- Born: Subramanian Rajeswari 1946 (age 78–79) Pollachi, Tamil Nadu, India
- Occupation(s): Carnatic musician, music teacher
- Known for: Vocal accompaniment for Bharatanatyam, Carnatic music
- Awards: Sangeet Natak Akademi Award (2010) Kalaimamani (2020) M.S. Subbulakshmi Award (2020) Sahana Fine Arts Award

= S. Rajeswari =

Indian Carnatic musician

S. Rajeswari (born 1946) is an Indian Carnatic musician and music teacher from Tamil Nadu, known for her contributions to Carnatic music and vocal accompaniment for Bharatanatyam performances, particularly with dancer Kumari Kamala.

== Early life and education ==
Rajeswari was born in 1946 in Pollachi, Tamil Nadu. She trained in Carnatic music under musicians such as Tanjai Balasubramaniam, Ramnad Krishnan, and T. Muktha.

== Career ==
Rajeswari has specialized in vocal accompaniment for Bharatanatyam, notably collaborating with dancer Kumari Kamala for several decades. She has also performed as a Carnatic music vocalist and taught music, contributing to the preservation of traditional styles. Her work integrates Carnatic music with dance, focusing on rhythmic and melodic support for choreography.
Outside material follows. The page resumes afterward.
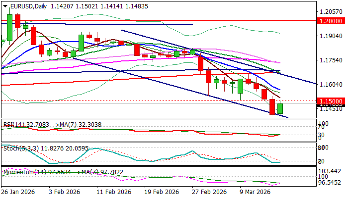 The Euro bounced from new multi-month low (1.1410) on Monday as traders collect profits from strong fall in past two weeks (the pair was down 3%).

== Awards and recognition ==
- In 2010, Rajeswari received the Sangeet Natak Akademi Award for her contributions to vocal accompaniment for Bharatanatyam.
- In 2020, she was awarded the Kalaimamani by the Government of Tamil Nadu for her contributions to music.
- In 2020, she received the M.S. Subbulakshmi Award for her contributions to Carnatic music and dance accompaniment.
- She was honored by Sahana Fine Arts, Chennai, for her musical contributions.